Total params: 11,685,122
Trainable params: 11,685,122
Non-trainable params: 0
_________________________________________________________________
None


AlbertConfig {
  "_name_or_path": "albert-base-v2",
  "architectures": [
    "AlbertForMaskedLM"
  ],
  "attention_probs_dropout_prob": 0,
  "bos_token_id": 2,
  "classifier_dropout_prob": 0.1,
  "down_scale_factor": 1,
  "embedding_size": 128,
  "eos_token_id": 3,
  "gap_size": 0,
  "hidden_act": "gelu_new",
  "hidden_dropout_prob": 0,
  "hidden_size": 768,
  "initializer_range": 0.02,
  "inner_group_num": 1,
  "intermediate_size": 3072,
  "layer_norm_eps": 1e-12,
  "max_position_embeddings": 512,
  "model_type": "albert",
  "net_structure_type": 0,
  "num_attention_heads": 12,
  "num_hidden_groups": 1,
  "num_hidden_layers": 12,
  "num_memory_blocks": 0,
  "pad_token_id": 0,
  "position_embedding_type": "absolute",
  "transformers_version": "4.29.2",
  "type_vocab_size": 2,
  "vocab_size": 30000
}

### Optimizer Selection and Hyperparameter Tuning

In [4]:
from transformers import create_optimizer, AdamWeightDecay

optimizer = AdamWeightDecay(learning_rate=1e-6, weight_decay_rate=0.0001)
model.compile(optimizer=optimizer)

No loss specified in compile() - the model's internal loss computation will be used as the loss. Don't panic - this is a common way to train TensorFlow models in Transformers! To disable this behaviour please pass a loss argument, or explicitly pass `loss=None` if you do not want your model to compute a loss.

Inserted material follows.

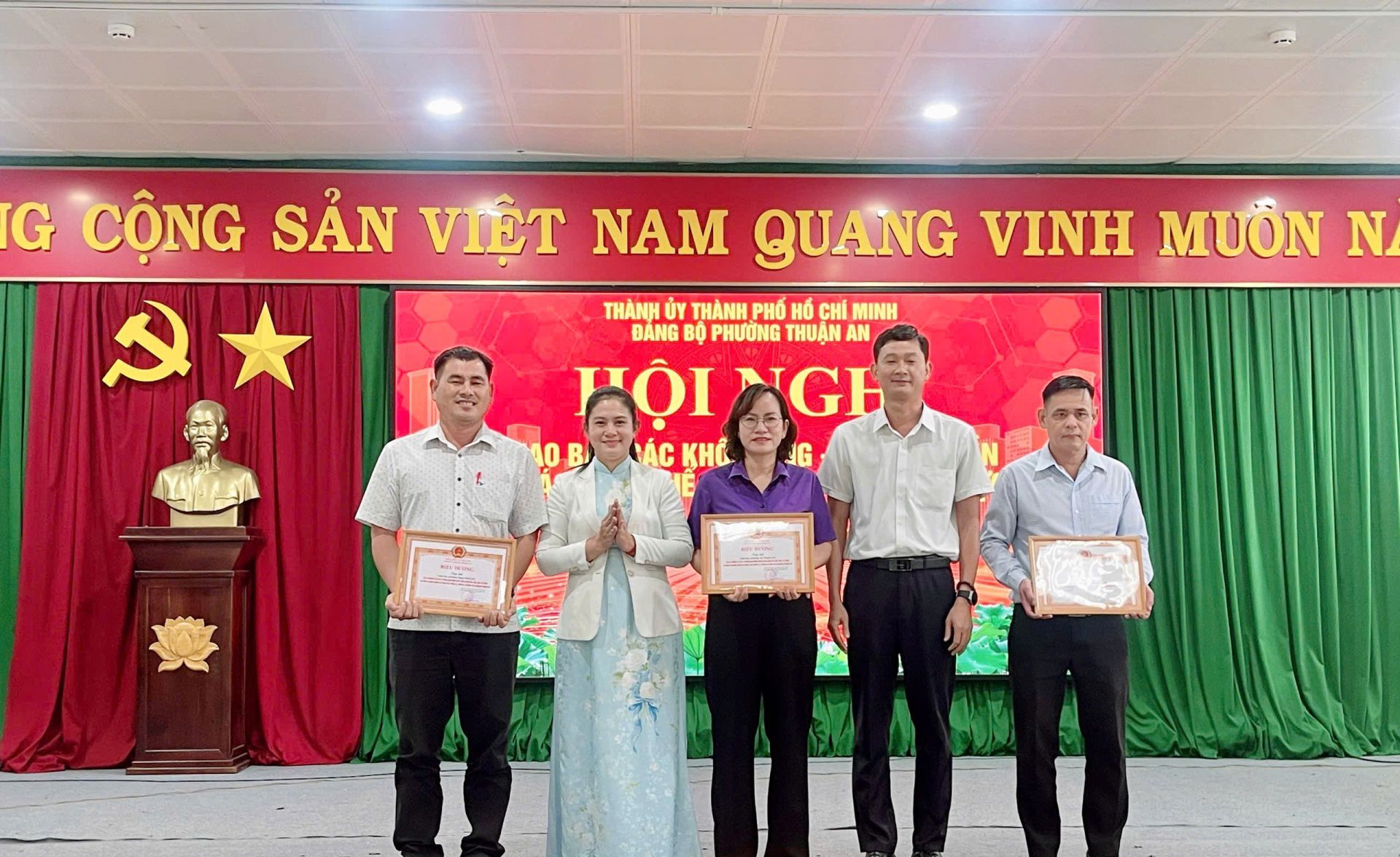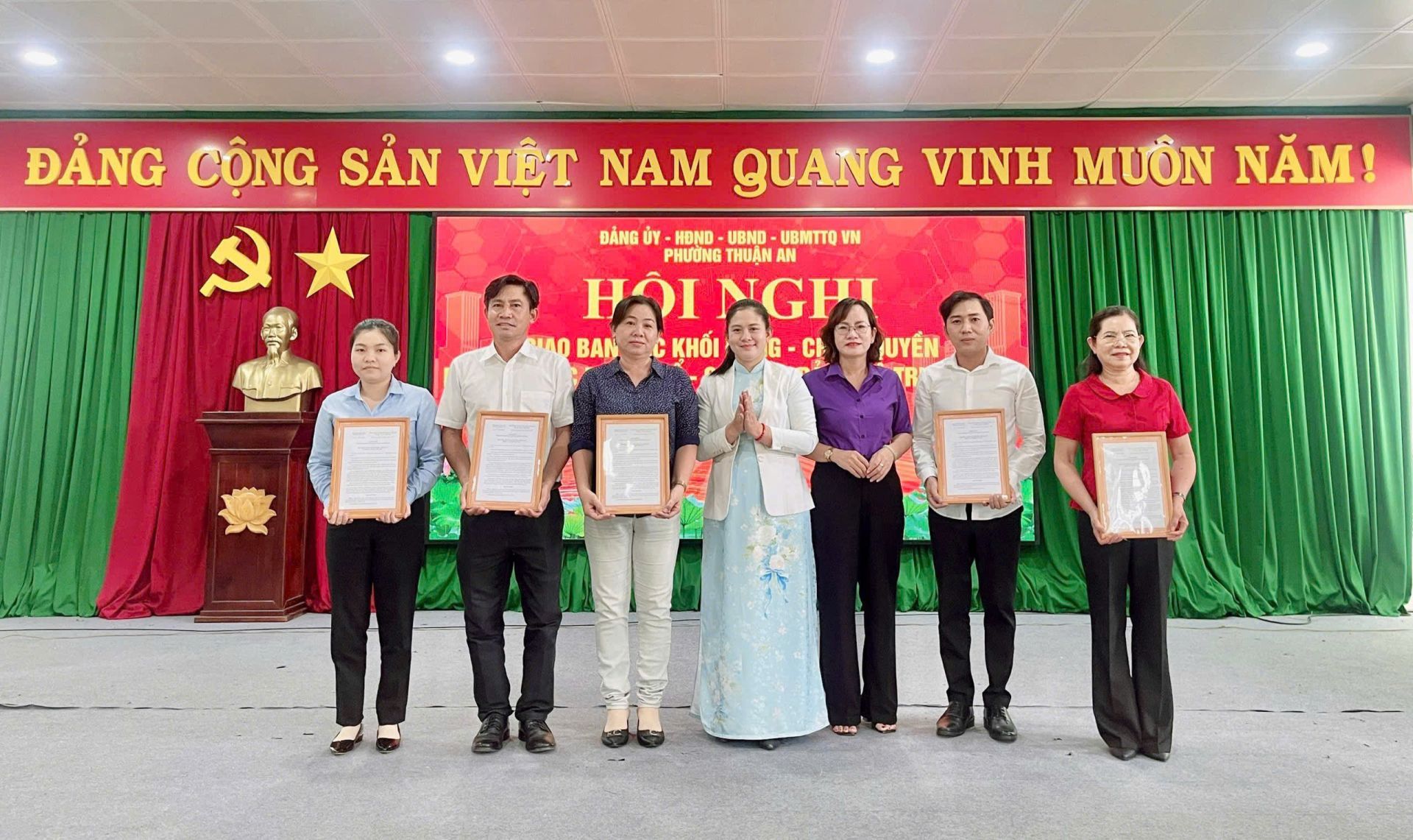 Cũng tại hội nghị UB.MTTQVN phường phát động đợt thi đua cao điểm “100 ngày hoạt động tinh - gọn - mạnh - hiệu năng - hiệu lực - hiệu quả”, UBND Phường đã tổ chức Lễ phát động triển khai phong trào “Bình dân học vụ số” hướng dẫn cài đặt ứng dụng “Công dân số thành phố Hồ Chí Minh – Kết nối công dân và Chính quyền”, Đảng ủy phường Thuận An đã tuyên dương cho 03 tập thể và 10 cá nhân có thành tích đóng góp trong việc thực hiện mô hình chính quyền 02 cấp trên địa bàn phường.

# Dataset Selection and Prepartion

**Loading Dataset**

In [5]:
import datasets

data = datasets.load_dataset("raygx/NepCov19TweetsPlus")
data = data.shuffle(rand_seed)
data = data['train'].train_test_split(test_size=0.2)
data = data.rename_columns({"Sentences":"text","Sentiment":"labels"})
data

Found cached dataset parquet (C:/Users/Dell/.cache/huggingface/datasets/raygx___parquet/raygx--NepCov19TweetsPlus-ce0effd6da77cd1f/0.0.0/2a3b91fbd88a2c90d1dbbb32b460cf621d31bd5b05b934492fdef7d8d6f236ec)

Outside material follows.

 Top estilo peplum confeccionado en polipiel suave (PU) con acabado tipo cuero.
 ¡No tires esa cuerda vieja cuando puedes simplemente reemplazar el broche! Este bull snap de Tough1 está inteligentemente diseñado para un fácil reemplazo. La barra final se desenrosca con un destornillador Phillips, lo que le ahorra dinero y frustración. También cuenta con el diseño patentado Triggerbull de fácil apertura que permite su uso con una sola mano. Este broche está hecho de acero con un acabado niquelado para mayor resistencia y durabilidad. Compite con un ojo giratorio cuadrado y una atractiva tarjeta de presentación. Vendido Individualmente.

  0%|          | 0/1 [00:00<?, ?it/s]

Loading cached shuffled indices for dataset at C:\Users\Dell\.cache\huggingface\datasets\raygx___parquet\raygx--NepCov19TweetsPlus-ce0effd6da77cd1f\0.0.0\2a3b91fbd88a2c90d1dbbb32b460cf621d31bd5b05b934492fdef7d8d6f236ec\cache-db79877cb71e086f.arrow
Loading cached split indices for dataset at C:\Users\Dell\.cache\huggingface\datasets\raygx___parquet\raygx--NepCov19TweetsPlus-ce0effd6da77cd1f\0.0.0\2a3b91fbd88a2c90d1dbbb32b460cf621d31bd5b05b934492fdef7d8d6f236ec\cache-8745d0cdc4ab02c1.arrow and C:\Users\Dell\.cache\huggingface\datasets\raygx___parquet\raygx--NepCov19TweetsPlus-ce0effd6da77cd1f\0.0.0\2a3b91fbd88a2c90d1dbbb32b460cf621d31bd5b05b934492fdef7d8d6f236ec\cache-483bec072bacbde5.arrow


DatasetDict({
    train: Dataset({
        features: ['labels', 'text'],
        num_rows: 33240
    })
    test: Dataset({
        features: ['labels', 'text'],
        num_rows: 8310
    })
})

### Label Encoding

In [6]:
%%time
def LabelEncoding(x):
    if x['labels']==0:
        x['labels'] = 0#[1,0,0]
    if x['labels']==1:
        x['labels'] =  1#[0,1,0]
    if x['labels']==-1:
        x['labels'] =  2#[0,0,1]
    
    return x

data = data.map(
        LabelEncoding,
        num_proc=4)

data

Map (num_proc=4):   0%|          | 0/33240 [00:00<?, ? examples/s]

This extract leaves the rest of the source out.